(Task data begins)

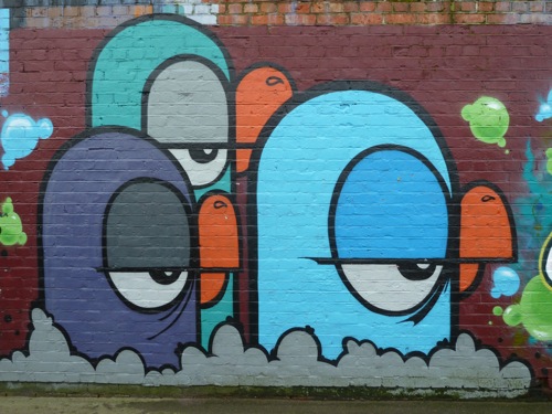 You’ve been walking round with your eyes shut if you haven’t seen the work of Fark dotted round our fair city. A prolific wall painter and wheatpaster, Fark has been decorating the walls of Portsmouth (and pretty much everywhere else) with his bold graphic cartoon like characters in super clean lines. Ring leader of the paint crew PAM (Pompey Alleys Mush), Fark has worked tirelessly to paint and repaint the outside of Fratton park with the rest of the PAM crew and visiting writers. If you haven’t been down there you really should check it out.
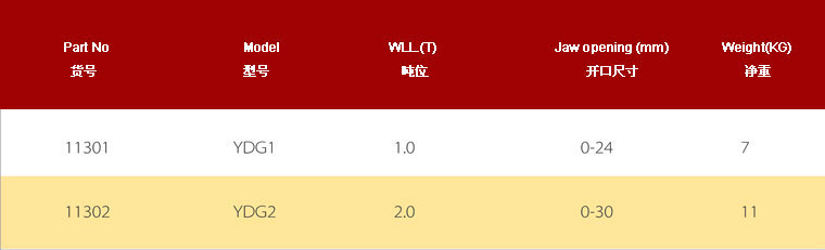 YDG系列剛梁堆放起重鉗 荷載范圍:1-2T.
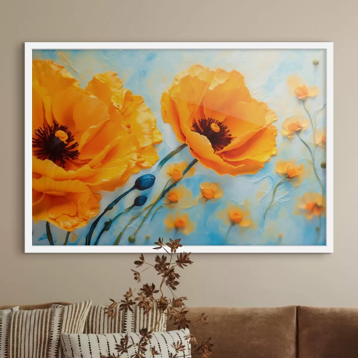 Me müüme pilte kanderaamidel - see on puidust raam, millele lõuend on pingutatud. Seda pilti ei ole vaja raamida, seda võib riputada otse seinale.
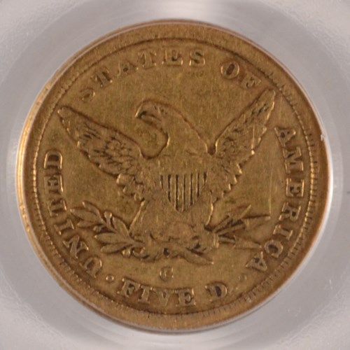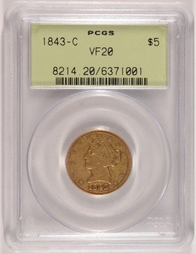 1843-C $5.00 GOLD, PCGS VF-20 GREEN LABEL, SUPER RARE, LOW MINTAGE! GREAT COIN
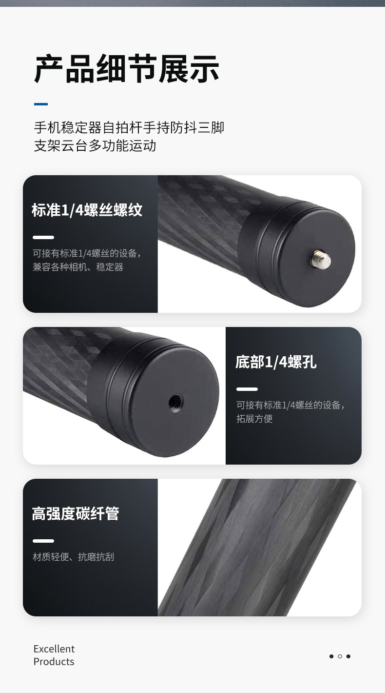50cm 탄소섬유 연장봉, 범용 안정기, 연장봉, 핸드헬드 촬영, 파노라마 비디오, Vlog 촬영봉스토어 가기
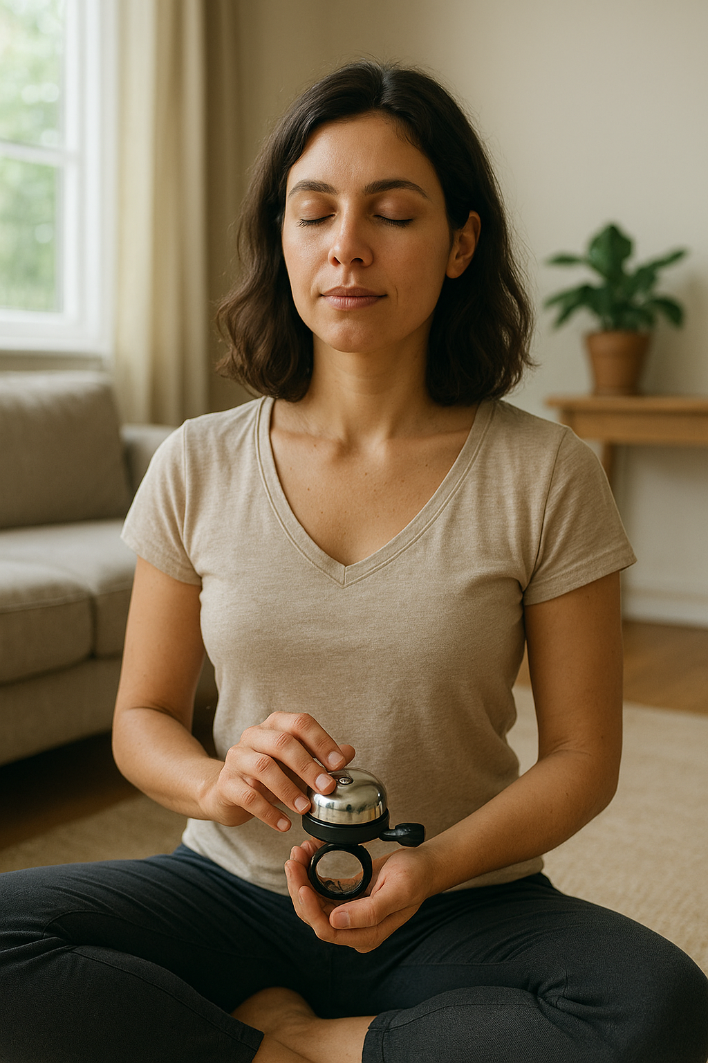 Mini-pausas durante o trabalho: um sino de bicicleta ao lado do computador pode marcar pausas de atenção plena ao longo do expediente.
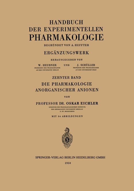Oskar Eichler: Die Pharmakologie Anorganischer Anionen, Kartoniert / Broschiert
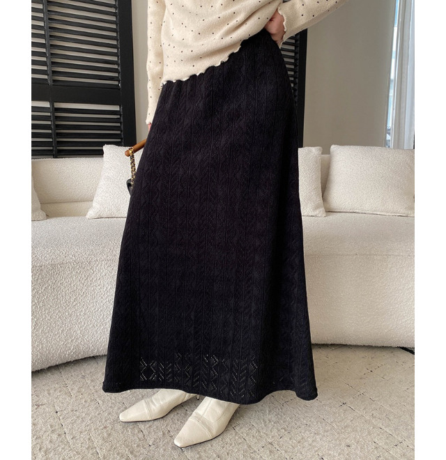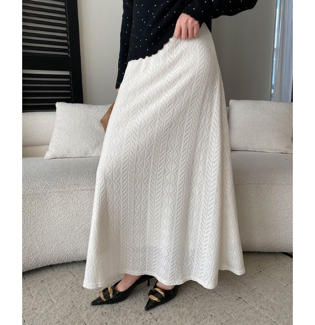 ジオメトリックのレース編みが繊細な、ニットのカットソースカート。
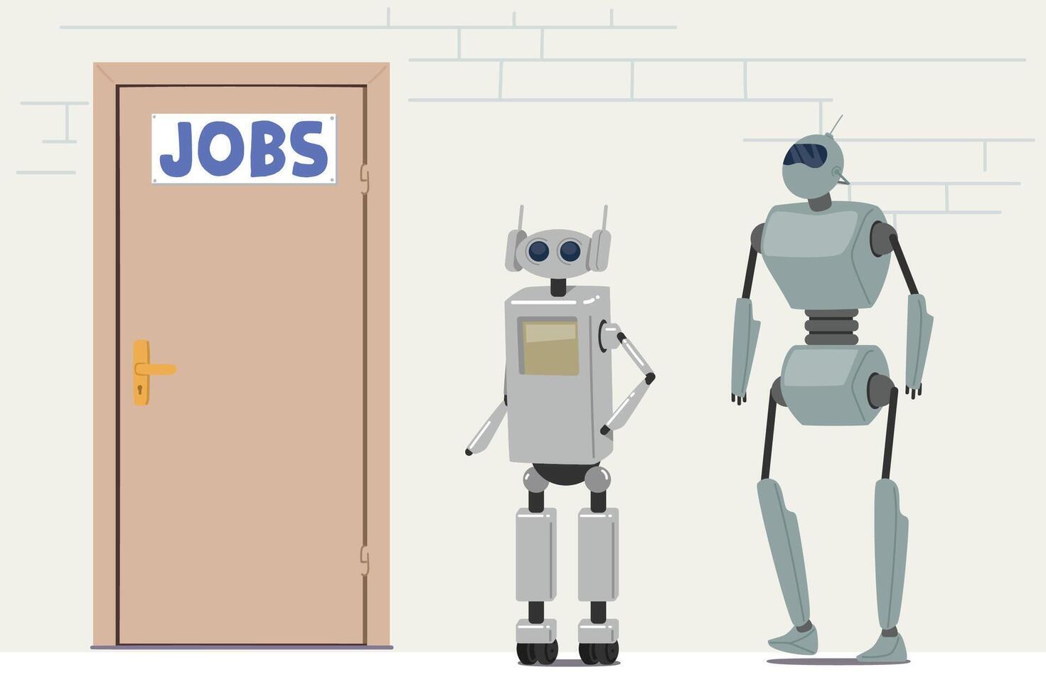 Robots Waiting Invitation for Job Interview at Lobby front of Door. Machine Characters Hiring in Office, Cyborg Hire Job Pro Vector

(Task data ends)

Could you output exactly the lines above, from the line with "Me müüme pilte" up to and including the line with "50cm 탄소섬유 연장봉, 범용", and nothing else, skipping the pictures?

 Me müüme pilte kanderaamidel - see on puidust raam, millele lõuend on pingutatud. Seda pilti ei ole vaja raamida, seda võib riputada otse seinale.
 1843-C $5.00 GOLD, PCGS VF-20 GREEN LABEL, SUPER RARE, LOW MINTAGE! GREAT COIN
50cm 탄소섬유 연장봉, 범용 안정기, 연장봉, 핸드헬드 촬영, 파노라마 비디오, Vlog 촬영봉스토어 가기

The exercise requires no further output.